Не знаю, сколько лет живут ивы. Надеюсь, она до сих пор смотрится в чистые воды скромной русской реки.
А ещё в моей жизни был огромный куст персидской сирени, росшей в полукруглом дворе сухумской гостиницы «Абхазия».
По утрам, сидя в одиночестве за столиком под гроздями лиловых соцветий, хорошо было пить из белой чашечки турецкий кофе. На большее часто не было денег. Но благодаря персидской сирени завтрак мой был царским.
…Раскидистый грецкий орех–патриарх, растущий среди рощи своих собратьев в долине, зажатой между горных хребтов Таджикистана, давал тенистую защиту от солнца, уединение для моих занятий. И щедро кормил своими плодами в колючей кожуре… Цветущий каштан в Минске у католического костела… Увешанная сверкающей в лучах рассвета росой ёлочка по дороге к подмосковному водохранилищу…
А королевская пальма при входе на пляж итальянской Варлетты! В войлочных чешуях ствола она давала приют маленьким пугливым ящеркам, а меня хранила от палящего солнца, когда с полотенцем через плечо ждал своего друга Донато.
А ещё в Тунисе растёт удивительный, может быть единственный в мире кучерявый кипарис.

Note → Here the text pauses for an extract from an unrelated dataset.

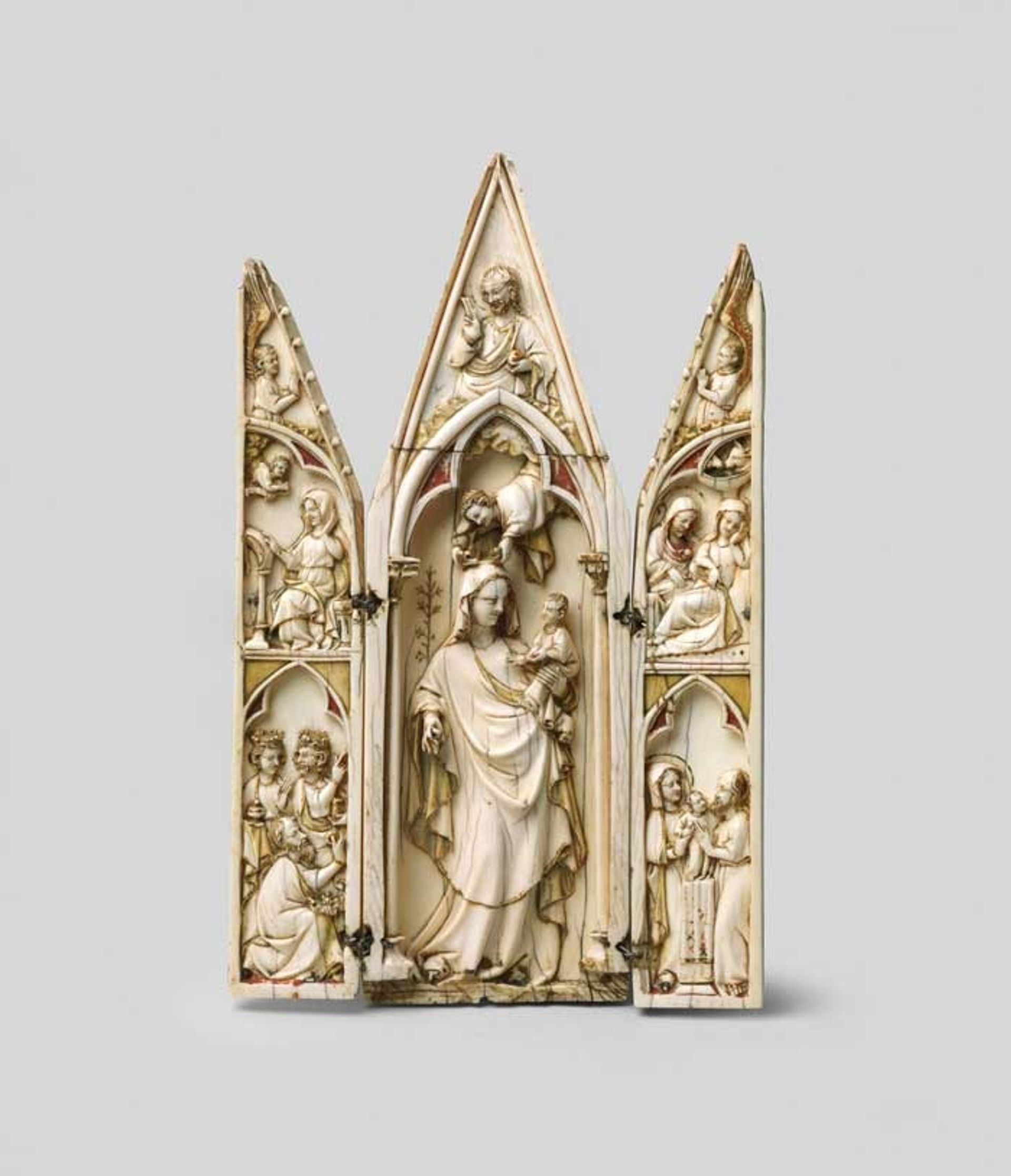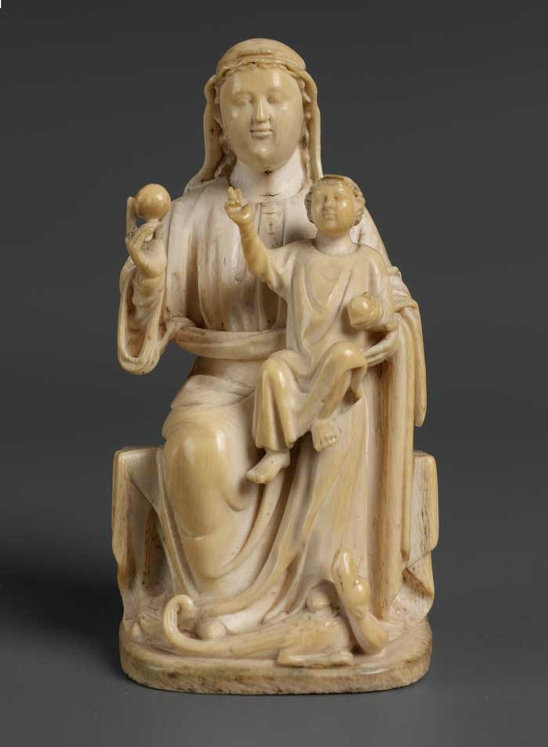 More than any other naturally occurring substance employed for the making of sculpture, ivory is a law unto itself. In the European tradition, the overwhelming majority of ivories have been carved from the tusks of African elephants, but the term is also commonly applied to walrus ivory (also known as morse), narwhal “horns”, bone and other related substances. In all, the physical characteristics of the raw material simultaneously inspire and constrain the design of the work, and with experience it is often possible to “see” the underlying form behind the finished object, perhaps especially when looking at the productions of the Gothic and Baroque periods. For some reason, but by no means necessarily this one, both were Golden Ages in the history of ivory production, whereas the Renaissance—in this context, and almost no other, a low between two highs—was absolutely not.

Нас вдвоём по моей просьбе сфотографировала Марина, и это одна из самых дорогих для меня фотографий.
А тысячелетняя слива, живущая у родника на острове в Эгейском море! Помню как в жару пил из жестяной кружки холодную пресную воду, а вокруг штормила стихия солёной воды. С оливы под ветром падали почти чёрные маслины. Она ещё плодоносила.
– Чего‑то вас долго нет, – раздаётся за спиной. – Дым пускаете? Кому кадите?

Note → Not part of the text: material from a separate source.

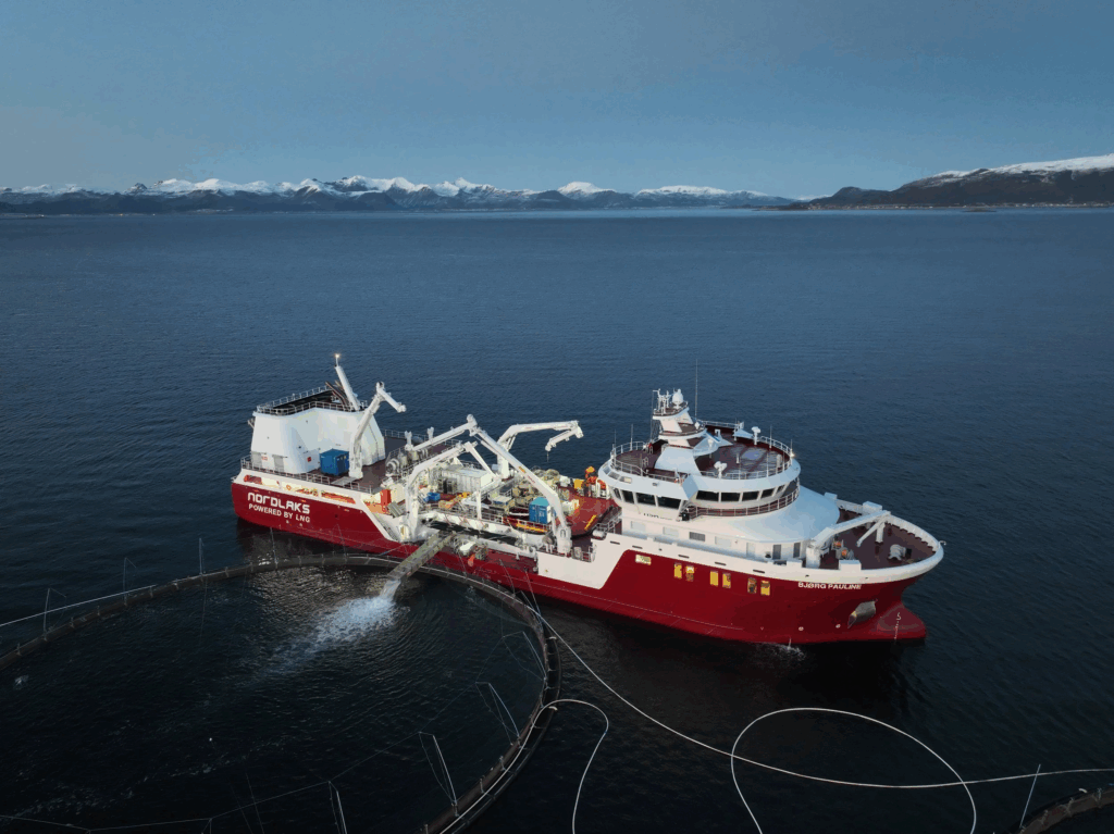 Bjørg Pauline marked an important milestone in the development of sustainable aquaculture when it entered service as the world’s first wellboat operating on pure LNG propulsion, supported by a substantial battery package and high-capacity shore-power capability.

Юркий Михаил Иванович со сползшими на нос очечками, со смятой газеткой в руках прерывает целительскую для меня череду воспоминаний. Это он вызвался привезти из коридора к моей постели кресло–каталку, помог в неё перелезть.

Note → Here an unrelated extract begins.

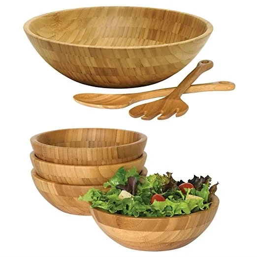High Quality Customizable Serving Big Bamboo Salad Bowl for

– Кому кадите? – снова вопрошает он и, видя что я не нахожу, куда выкинуть докуренную сигарету, устремляется на лестничную клетку, откуда приносит банку для окурков.
– Спасибо.
– Не швыряйтесь этим словом. Знаете, что оно означает? Спаси Бог! Хотите, отвезу обратно в палату? Скоро обед.
– Спасибо. То есть, благодарю. Я сам.
– Да, видел, как вы мучаетесь с колёсами. Всё время заносит не туда.
Он разворачивает меня с креслом–каталкой, вывозит из светлого вестибюля с тополем за окном в полумрак коридора. У раскрытой двери нашей палаты приостанавливается, нагибается к уху.
– Заметил у вас крестик на шее. Хотите, дам почитать газету «Русь державная»?